● TASK
Nothing but the lines below from the one holding "ทั้งนี้ การนำเข้า LNG" up to and including the one holding "The line drawing" should be copied, exactly and without pictures.

● DATASET CONTENT

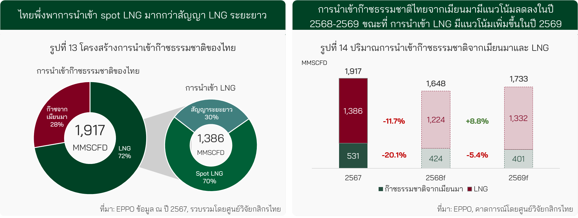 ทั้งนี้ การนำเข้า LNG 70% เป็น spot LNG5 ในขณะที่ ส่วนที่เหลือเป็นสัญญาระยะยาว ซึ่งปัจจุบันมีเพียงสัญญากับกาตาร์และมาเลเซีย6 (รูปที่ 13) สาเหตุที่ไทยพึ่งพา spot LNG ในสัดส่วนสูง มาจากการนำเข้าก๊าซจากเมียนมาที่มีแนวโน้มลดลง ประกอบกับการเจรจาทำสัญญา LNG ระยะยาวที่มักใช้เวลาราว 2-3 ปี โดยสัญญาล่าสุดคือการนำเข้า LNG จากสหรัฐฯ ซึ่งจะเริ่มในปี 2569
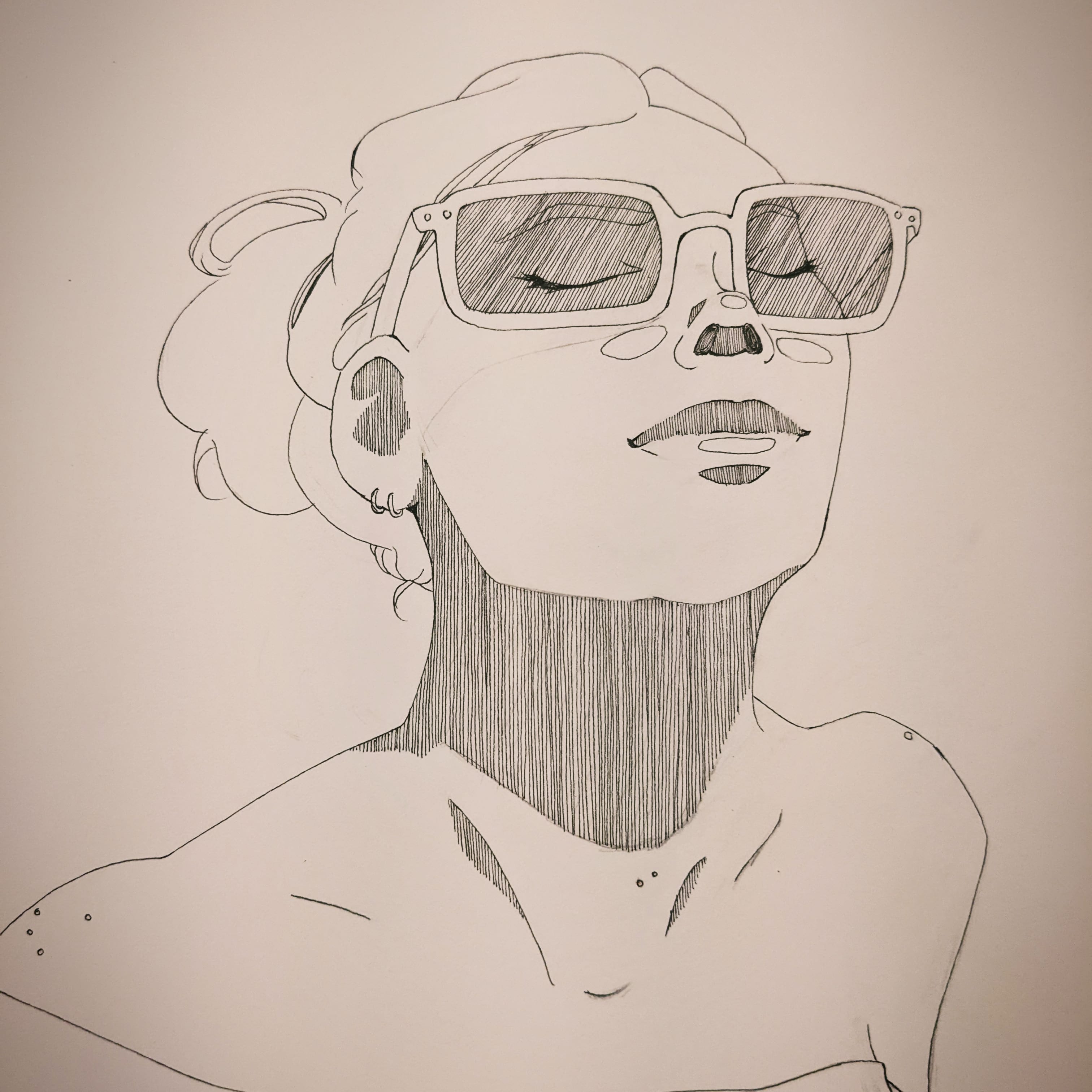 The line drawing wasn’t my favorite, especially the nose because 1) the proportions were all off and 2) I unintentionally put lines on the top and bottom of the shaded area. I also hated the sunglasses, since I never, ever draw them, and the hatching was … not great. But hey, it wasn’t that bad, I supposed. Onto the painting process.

...

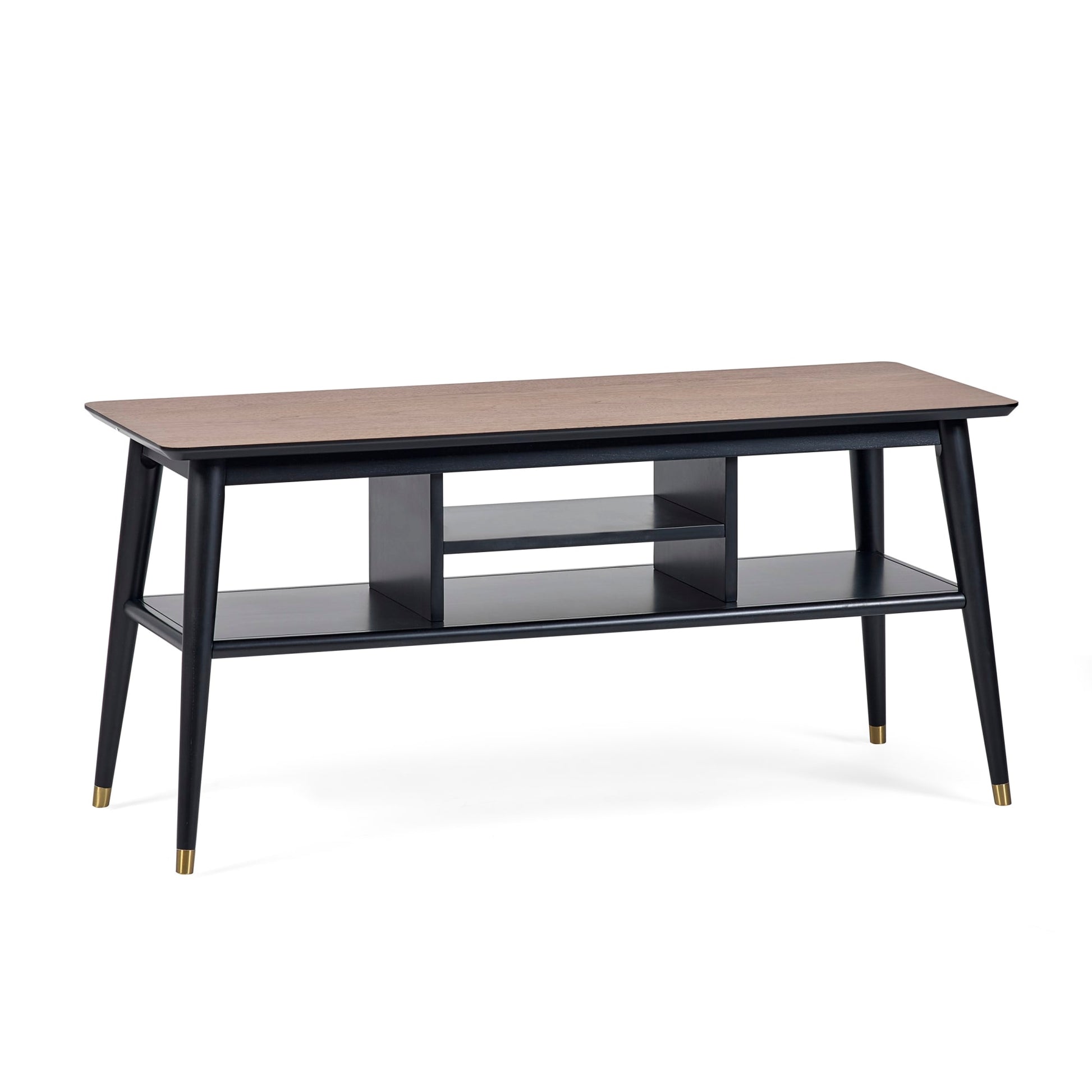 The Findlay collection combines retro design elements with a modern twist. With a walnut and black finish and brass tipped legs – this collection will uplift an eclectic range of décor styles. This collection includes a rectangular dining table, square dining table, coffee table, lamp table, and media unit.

● YOUR SOLUTION
 ทั้งนี้ การนำเข้า LNG 70% เป็น spot LNG5 ในขณะที่ ส่วนที่เหลือเป็นสัญญาระยะยาว ซึ่งปัจจุบันมีเพียงสัญญากับกาตาร์และมาเลเซีย6 (รูปที่ 13) สาเหตุที่ไทยพึ่งพา spot LNG ในสัดส่วนสูง มาจากการนำเข้าก๊าซจากเมียนมาที่มีแนวโน้มลดลง ประกอบกับการเจรจาทำสัญญา LNG ระยะยาวที่มักใช้เวลาราว 2-3 ปี โดยสัญญาล่าสุดคือการนำเข้า LNG จากสหรัฐฯ ซึ่งจะเริ่มในปี 2569
 The line drawing wasn’t my favorite, especially the nose because 1) the proportions were all off and 2) I unintentionally put lines on the top and bottom of the shaded area. I also hated the sunglasses, since I never, ever draw them, and the hatching was … not great. But hey, it wasn’t that bad, I supposed. Onto the painting process.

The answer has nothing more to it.